Life is no picnic for girls living in the villages surrounding Anupshahar, India. They work all day to keep their family fed. They have no electricity, plumbing or toilets except for the field down the road. They are treated as burdens by their families, and aren't even acknowledged by their fathers.
Pardada Pardadi is trying to change all of that.
Since 2000, Pardada Pardadi Educational Society (PPES) has been improving the lives of girls in rural India. It provides free education and vocational training to girls in order to create a new generation of self-reliant and educated girls who will break the cycle of poverty in the region.
PPES was founded by Virender (Sam) Singh, a retired head of DuPont South Asia. Sam grew up in Anupshahar; although he left many years ago, he moved back in 1999 to use his success for the benefit of the people he left behind.

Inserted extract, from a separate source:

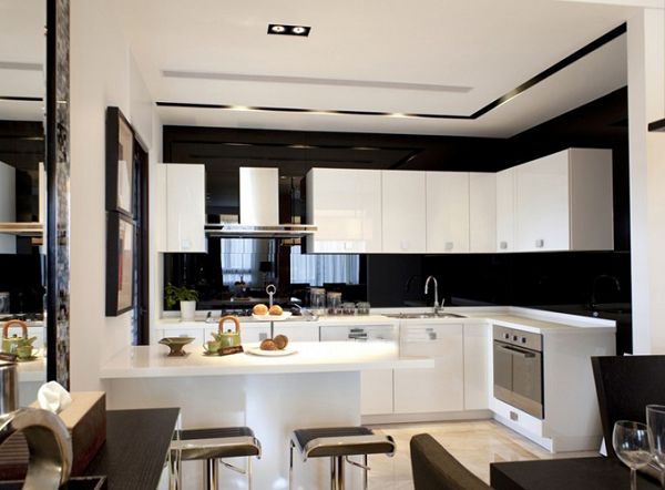 运用白色的橱柜对比黑色的烤漆玻璃墙面
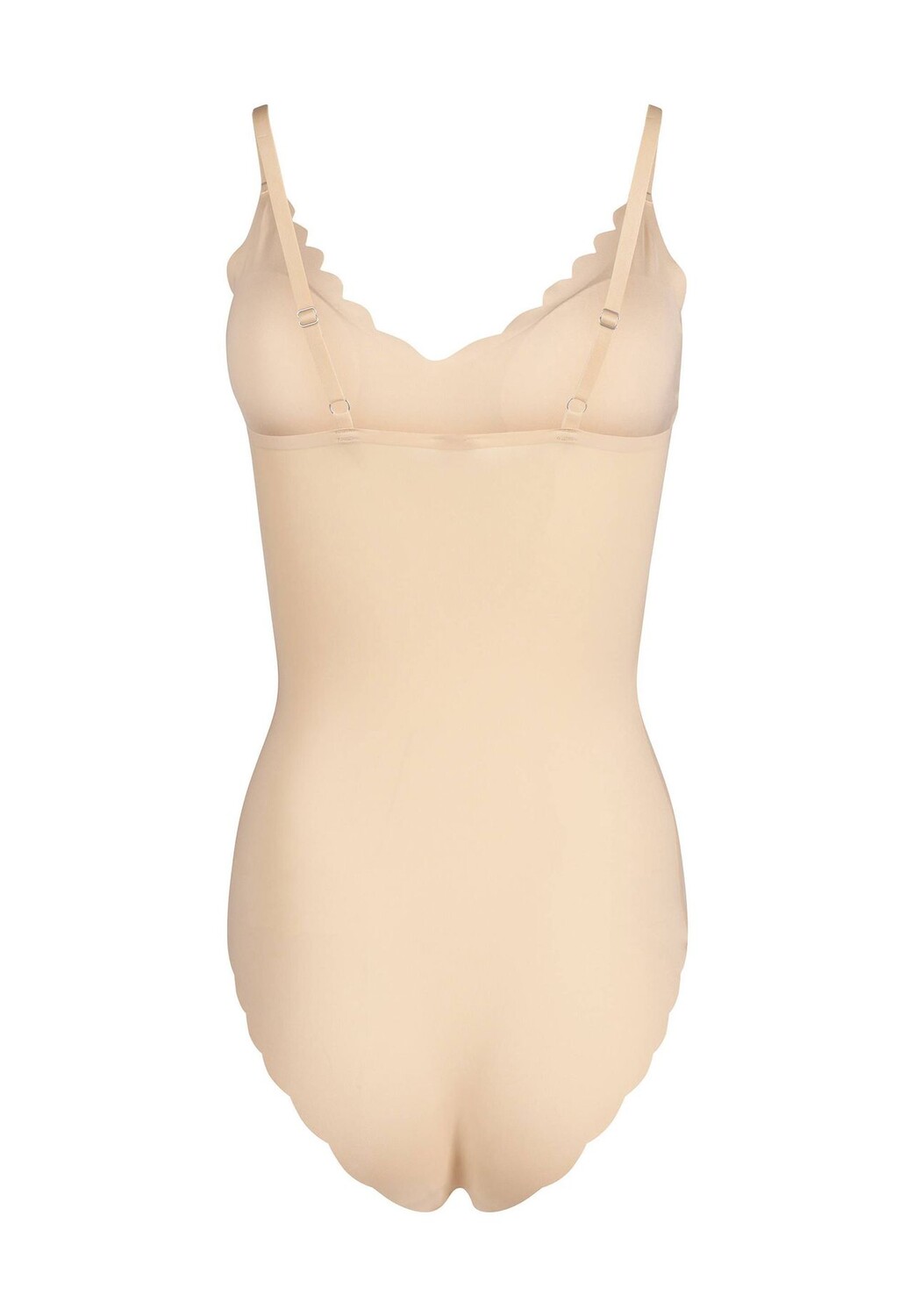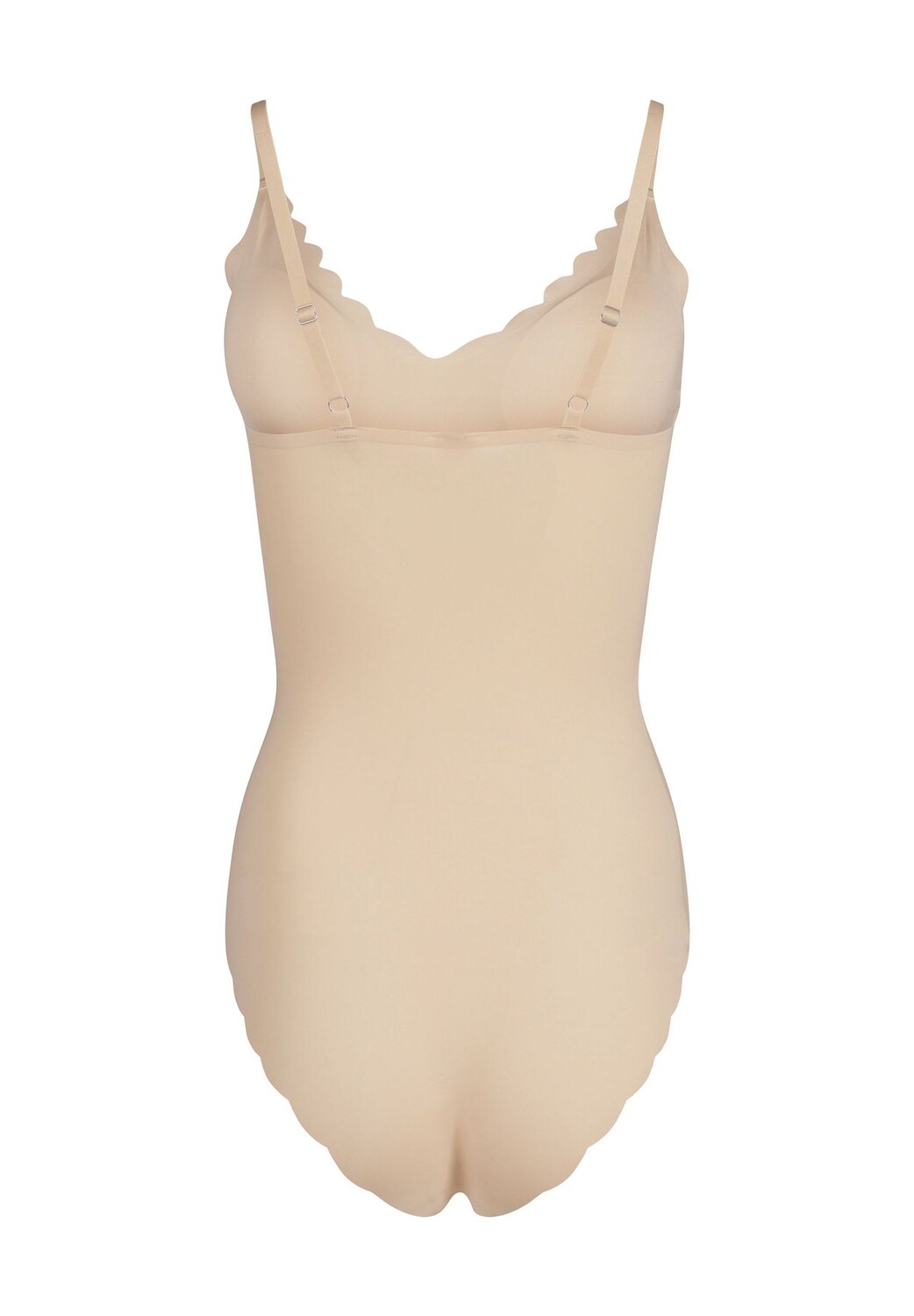 Это боди без рукавов из мягкой микрофибры с тонкими бретельками доказывает, что красивое нижнее белье не обязательно прятать. Красивый верх с V-образным вырезом и декоративным фестончатым краем подчеркивает зону декольте, а низ служит удобными трусиками с невидимым эффектом.

Sam knew that to break the cycle of poverty, he had to first focus on improving the quality of life for the weakest members of this society: rural female children. Since they’re often neglected and uneducated, they’re forever dependent on male family members for their livelihood.
To accomplish this goal, Sam created a school that provides both
education and vocational training. What's more, he provides the girls ten rupees per day just for attending.
By the time they graduate, each girl has vocational skills, a job offer, and up to 30,000 rupees in a savings account. Furthermore, they've learned invaluable lessons of women empowerment, equality, health and hygiene.